A diferença consiste na amplitude da unidade em que o prototexto é fragmentado.
No início, dissemos que «a interpretação se preocupa com um texto e não com palavras separadas». Ou, mais propriamente, a interpretação implica a delimitação, também de modo inconsciente, de um texto e de um contexto de referência, à luz dos quais a interpretação é realizada.
Na física existe o conceito de «quantum». O elemento fundamental deste conceito é que se trata de uma entidade mínima, mas variável. Algo de similar acontece com a amplitude do ponto de vista com que se encara um texto. Dependendo do aprofundamento possível ou desejado, a entidade mínima do texto considerada é diferente. Mas apenas a obtenção de um "quantum" do texto abre a possibilidade de interpretá-lo. Quando lemos, o processo pode parecer imperceptível, mas, quando escutamos um intérprete simultâneo, é mais fácil perceber isto. O discurso do intérprete não é homogêneo nem contínuo em paralelo com o do orador, mas sofre alternadamente pequenas corridas e paradas. Seguindo tais corridas, e as pausas intermediárias, que são ou não fonicamente amortizadas pelas cordas vocais e desacelerações/acelerações do discurso, pode perceber-se qual unidade o intérprete leva em consideração para decompor o prototexto e proceder, todas as vezes, à recodificação.

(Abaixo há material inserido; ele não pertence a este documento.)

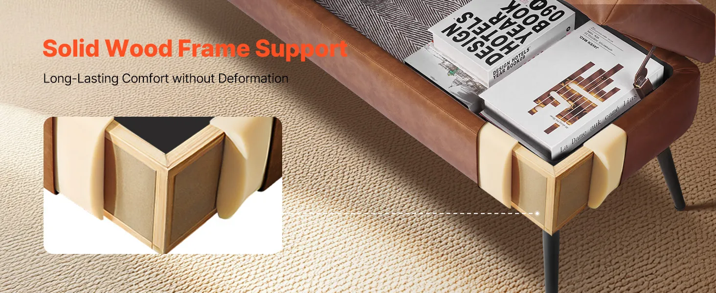 Wzmocnione podparcie: Ta skórzana ławka ze schowkiem oferuje mocne i trwałe podparcie dzięki solidnym nogom z drewna kauczukowego i solidnej ramie z drewna. Wytrzymuje obciążenie do 300 kg (600 funtów). Zaprojektowana do codziennego użytku, bez chwiania się i zapadania. Wymiary ławki: 400 x 1200 x 450 mm (15,7 x 47,2 x 17,7 cala).
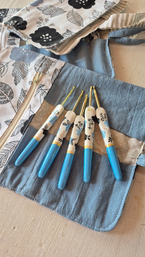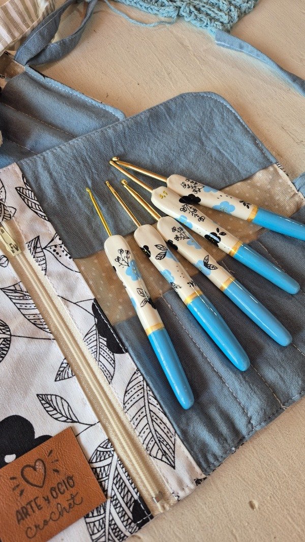 Este exclusivo set incluye 6 o 5 varitas de crochet con mango amasado y pintado a mano.

O procedimento - quase ausente na interpretação simultânea, por motivos contingenciais, mas muito significativo no caso da tradução escrita - transforma o produto da elaboração primária em um texto.
Cada cultura se expressa nos textos que nela são produzidos. Em um certo sentido, cada texto é uma tradução da cultura em que nasce, é uma sua atualização parcial, como todas as outras traduções. Cada texto fecunda o contexto em que é publicado, porque contém elementos novos, ou elementos estranhos. Toda a contribuição inovadora de um texto está no que contém de diferente em relação ao que está implícito na cultura receptora.
Se um texto vem de uma tradução interlingüística, freqüentemente vem também da uma cultura geograficamente ou politicamente diferente. O tradutor, mediador entre as duas culturas, ao escolher a estratégia tradutiva, decide em que medida o texto deve adaptar-se à cultura, e em que medida a cultura deve adaptar-se ao texto que recebe.
É ponto pacífico que, quanto à lingüística, o texto é que deve adaptar-se à cultura receptora: por isto é consultado o tradutor. (Mas mesmo ponto não é completamente rígido, dado que um percentual mais ou menos amplo do metatexto pode conservar-se na língua do original.)
Nos sonhos, há uma reevocação individual da memória e das impressões suscitadas (elaboração primária), um registro pessoal não compartilhável porque nenhuma outra pessoa é capaz de entender a sintaxe do que contou o "titular do sonho", a menos que haja uma elaboração secundária que transforme tal material informe em um texto coerente e narrável para o exterior. O mesmo corre nas traduções: depois da elaboração primária mental vem a transformação em texto.
Além do código natural do metatexto, o grau de adaptabilidade do texto é variável segundo se prefira uma abordagem de adequação ou aceitabilidade. A diferença está no modo em que se dá tal elaboração secundária.
Tendo que lidar com um material psíquico fruto da interpretação do prototexto para reproduzi-lo em um texto coerente, pela abordagem da adequação, o texto produzido responde a critérios de máxima descrição do prototexto. O metatexto, embora legível, denuncia com clareza a própria identidade de metatexto e tem uma atitude de subordinação nos confrontos do prototexto, do qual é uma espécie de satélite.
Na abordagem da aceitabilidade o texto produzido responde ao critério da máxima legibilidade. Tendendo a esconder sua identidade de texto traduzido, a tradução aceitável tenta se fazer passar por um original. A recriação se dá pelos cânones da cultura receptora.